Web Mining/Information Retrieval
Abstract / Introduction
In this era of Internet, World Wide Web (WWW) has become an ultimate source of information
for the people from all walks of life. Due to the big collection of non-uniform Web data, it is a
challenging task for the users to find their relevant information. Finding experts who have the
appropriate skills and knowledge for a specific domain, academic program and research field
etc. has become an important academic activity. Expert Locating System (ELS) is very helpful
for students, organizations, industries and academic institutes to find experts of their needs.

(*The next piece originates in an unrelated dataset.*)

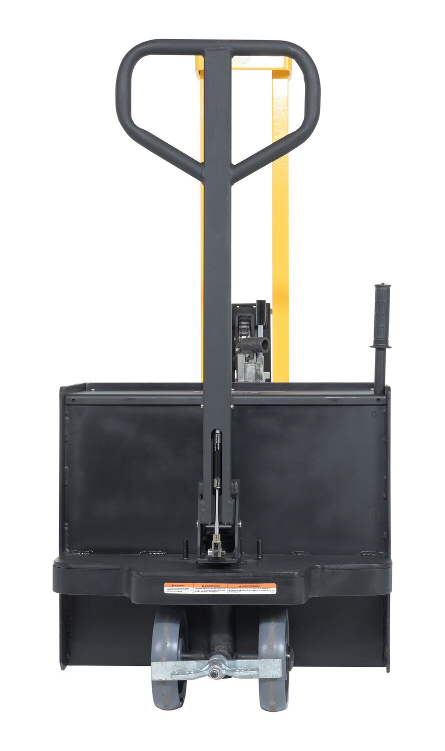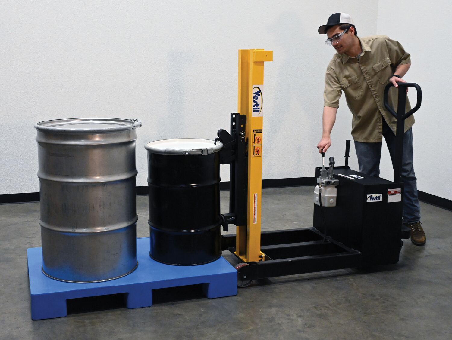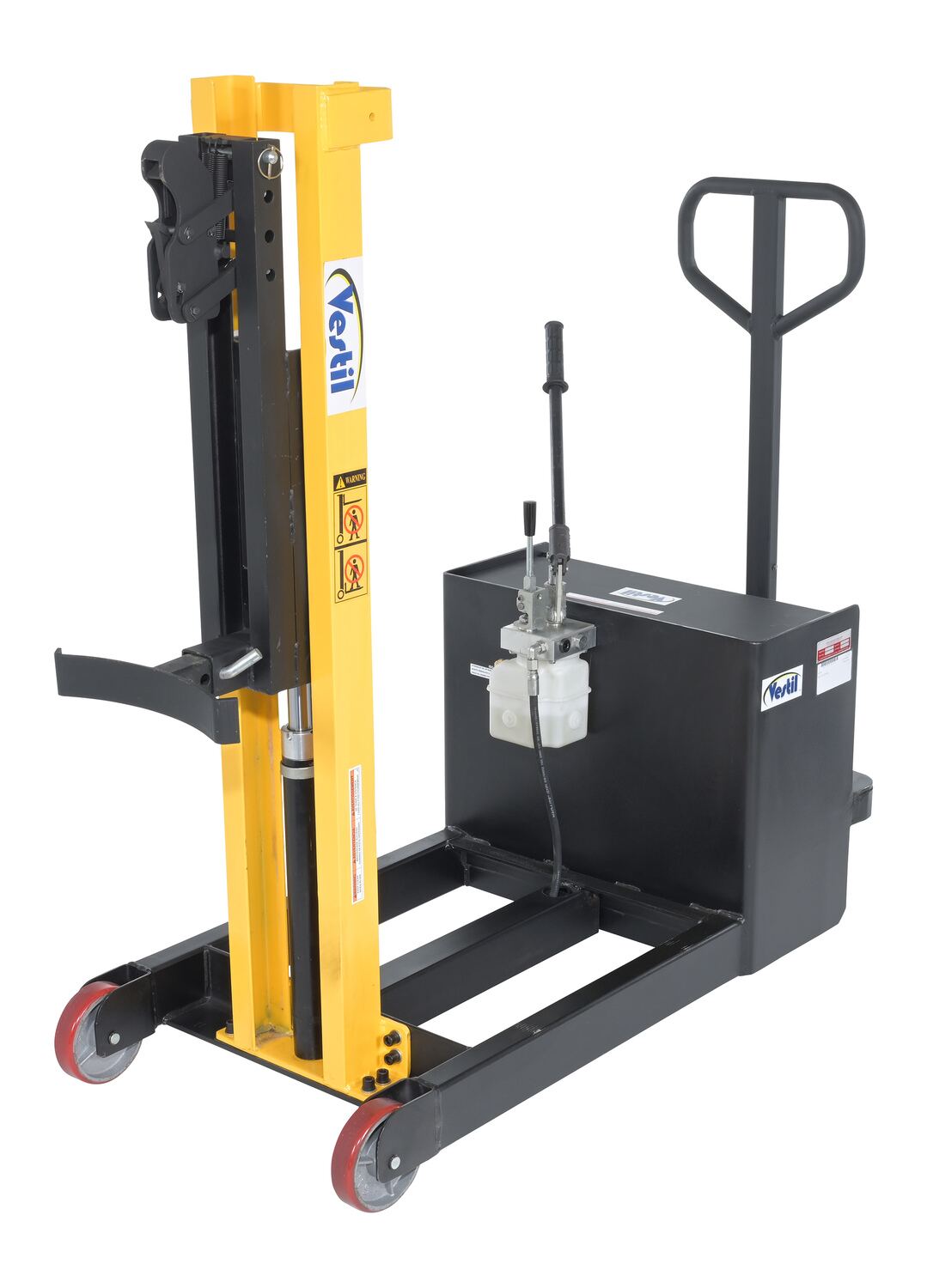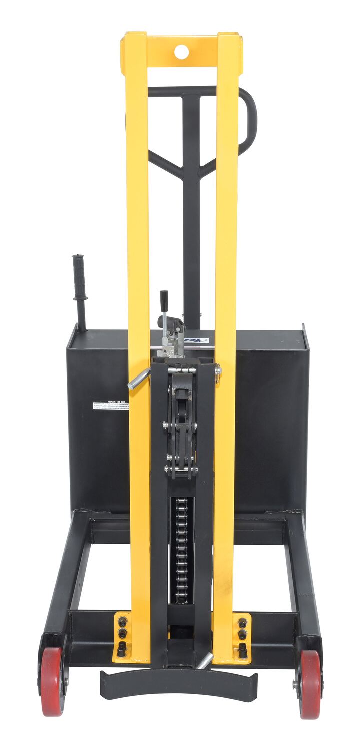 Steel Manual Drive Manual Lift Counter Balanced Drum Stacker 52 In. x 26 In. x 58 In. 700 Lb. Capacity Yellow

The aim of this project is to develop a web application which will facilitate students and
academic institutes in finding experts of their choice. This application will act as search engine
to extract faculty related information from different (at least 200) academic institutes
including Universities, colleges and other Training institutes. This includes faculty name,
highest qualification, expertise area, expertise type (Teaching, research, coaching etc.),
experiences (in years) and affiliation(s) and store them in the database. Students are required
to develop their own Web crawler for extracting these information. Students are also needed
to develop an attractive user interface for entering search query and displaying query results.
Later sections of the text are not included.